Wrong number of result using match_phrase_prefix

Hi all
I have a on-premise ELK instance where i have an index with roughly 50.000 documents with 30 columns. One of the columns is name, indexed as a text.
I have 4500 documents called VFCXXXX where the X is numbers, i.e VFC1234, VFC2345.

When i search with a match_phrase_prefix with query: "VFC" i only get 70 results, all starting with VFC1XXX.
I was under the impression that fields with type text would match all with the prefix VFC even if there is only one value in the field?

Thanks in advance
/Martin

It'd be good if you could share some example data, the query and the response.

1 Like

Hi Mark
i will post what as much details as possible:
Mapping of property name:

      "name": {
        "type": "text",
        "fields": {
          "keyword": {
            "type": "keyword",
            "ignore_above": 256
          }
        }
      }

Data (this is just a subset, but it should give you an idea of the structure of the data in the name field, in total there is 4888 documents where name is like this):

name
VFC3679
VFC1378
VFC3607
VFC3028
VFC3027
VFC3026
VFC3024
VFC850
VFC341
VFC327
VFC302
VFC301
VFC294
VFC293
VFC291
VFC3642
VFC3641
VFC3609
VFC3455
VFC3454
Query:
{
    "query": {
        "match_phrase_prefix": {
            "name": "vfc"
        }
    },
    "fields": [
        "name"
    ],
    "_source": false
}

Result:

{
    "took": 2,
    "timed_out": false,
    "_shards": {
        "total": 1,
        "successful": 1,
        "skipped": 0,
        "failed": 0
    },
    "hits": {
        "total": {
            "value": 63,
            "relation": "eq"
        },
        "max_score": 12.9442215,
        "hits": [
            {
                "_index": "chcc_staging_idx",
                "_id": "32821",
                "_score": 12.9442215,
                "fields": {
                    "name": [
                        "VFC1"
                    ]
                }
            },
            {
                "_index": "chcc_staging_idx",
                "_id": "33699",
                "_score": 12.9442215,
                "fields": {
                    "name": [
                        "VFC1000"
                    ]
                }
            },
            {
                "_index": "chcc_staging_idx",
                "_id": "33700",
                "_score": 12.9442215,
                "fields": {
                    "name": [
                        "VFC1001"
                    ]
                }
            },
            {
                "_index": "chcc_staging_idx",
                "_id": "33701",
                "_score": 12.9442215,
                "fields": {
                    "name": [
                        "VFC1002"
                    ]
                }
            },
            {
                "_index": "chcc_staging_idx",
                "_id": "33702",
                "_score": 12.9442215,
                "fields": {
                    "name": [
                        "VFC1003"
                    ]
                }
            },
            {
                "_index": "chcc_staging_idx",
                "_id": "33703",
                "_score": 12.9442215,
                "fields": {
                    "name": [
                        "VFC1004"
                    ]
                }
            },
            {
                "_index": "chcc_staging_idx",
                "_id": "33704",
                "_score": 12.9442215,
                "fields": {
                    "name": [
                        "VFC1005"
                    ]
                }
            },
            {
                "_index": "chcc_staging_idx",
                "_id": "33705",
                "_score": 12.9442215,
                "fields": {
                    "name": [
                        "VFC1006"
                    ]
                }
            },
            {
                "_index": "chcc_staging_idx",
                "_id": "33706",
                "_score": 12.9442215,
                "fields": {
                    "name": [
                        "VFC1007"
                    ]
                }
            },
            {
                "_index": "chcc_staging_idx",
                "_id": "33707",
                "_score": 12.9442215,
                "fields": {
                    "name": [
                        "VFC1008"
                    ]
                }
            }
        ]
    }
}

@warkolm Is the provided example data sufficient?

Hi @warkolm
Any idea on this issue?

/Martin

Hi @warkolm
Any idea on this issue?

/Martin

You did not state which version of Elasticsearch you are using. This is something you should always provide.
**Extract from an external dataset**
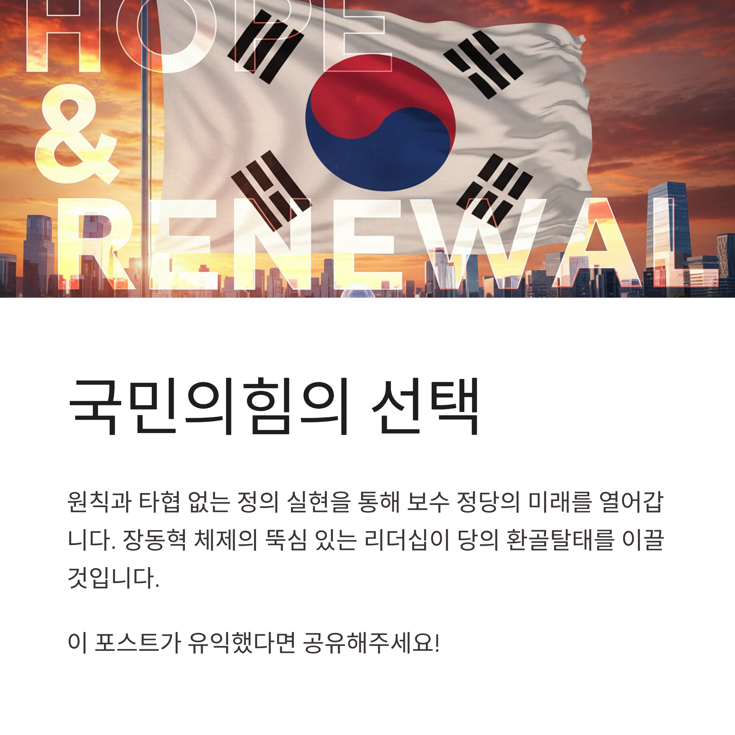 장동혁 대표의 뚝심 있는 행보는 '강남 좌파' 흉내를 내며 보수 진영을 교란했던 세력을 정리하고, 당의 정체성을 명확히 하겠다는 선언과 같습니다. 통합이라는 미명 하에 불의와 타협하지 않고, 원칙을 지키는 모습에 많은 당원과 국민들이 지지를 보내고 있습니다. 8일 최고위 의결 이후 본격화될 윤리위 활동을 통해 국민의힘이 환골탈태하여 거대 야당인 민주당과 이재명 정부에 맞설 수 있는 강력한 대안 세력으로 재도약하기를 기대합니다.

If you are on a recent version would help if you could rerun the query with track_total_hits set to true.

HI Christian
sorry for the missing information, i'm using version 8.4.3 of ELK.
Below is the response with "track_total_hits": true
I've also put in a picture from Kibana searching for VFC*

{
    "took": 1,
    "timed_out": false,
    "_shards": {
        "total": 1,
        "successful": 1,
        "skipped": 0,
        "failed": 0
    },
    "hits": {
        "total": {
            "value": 63,
            "relation": "eq"
        },
        "max_score": 12.865288,
        "hits": [
            {
                "_index": "chcc_staging_idx",
                "_id": "32821",
                "_score": 12.865288,
                "fields": {
                    "name": [
                        "VFC1"
                    ]
                }
            },
            {
                "_index": "chcc_staging_idx",
                "_id": "33699",
                "_score": 12.865288,
                "fields": {
                    "name": [
                        "VFC1000"
                    ]
                }
            },
            {
                "_index": "chcc_staging_idx",
                "_id": "33700",
                "_score": 12.865288,
                "fields": {
                    "name": [
                        "VFC1001"
                    ]
                }
            },
            {
                "_index": "chcc_staging_idx",
                "_id": "33701",
                "_score": 12.865288,
                "fields": {
                    "name": [
                        "VFC1002"
                    ]
                }
            },
            {
                "_index": "chcc_staging_idx",
                "_id": "33702",
                "_score": 12.865288,
                "fields": {
                    "name": [
                        "VFC1003"
                    ]
                }
            },
            {
                "_index": "chcc_staging_idx",
                "_id": "33703",
                "_score": 12.865288,
                "fields": {
                    "name": [
                        "VFC1004"
                    ]
                }
            },
            {
                "_index": "chcc_staging_idx",
                "_id": "33704",
                "_score": 12.865288,
                "fields": {
                    "name": [
                        "VFC1005"
                    ]
                }
            },
            {
                "_index": "chcc_staging_idx",
                "_id": "33705",
                "_score": 12.865288,
                "fields": {
                    "name": [
                        "VFC1006"
                    ]
                }
            },
            {
                "_index": "chcc_staging_idx",
                "_id": "33706",
                "_score": 12.865288,
                "fields": {
                    "name": [
                        "VFC1007"
                    ]
                }
            },
            {
                "_index": "chcc_staging_idx",
                "_id": "33707",
                "_score": 12.865288,
                "fields": {
                    "name": [
                        "VFC1008"
                    ]
                }
            }
        ]
    }
}

image

Think i forgot to reply to your message

OK. What is you set size to something greater than the hit count in your query? Can you show the JSON of one of the hits (at least the full relevant queried field) as well as one of the documents you expect to match that do not? That way we could try to reproduce it.

Hi @Gorelldk

I did a simple test by adding 100 documents with the name "VPC"+index.
When I ran the match_phrase_prefix with the term "vpc" I got a total of 50 documents found.
After I changed the "max_expansions" parameter to 100, I managed to have 100 documents found.
I don't know if it will work for you but that was my experience.

1 Like

Setting size did not change the outcome.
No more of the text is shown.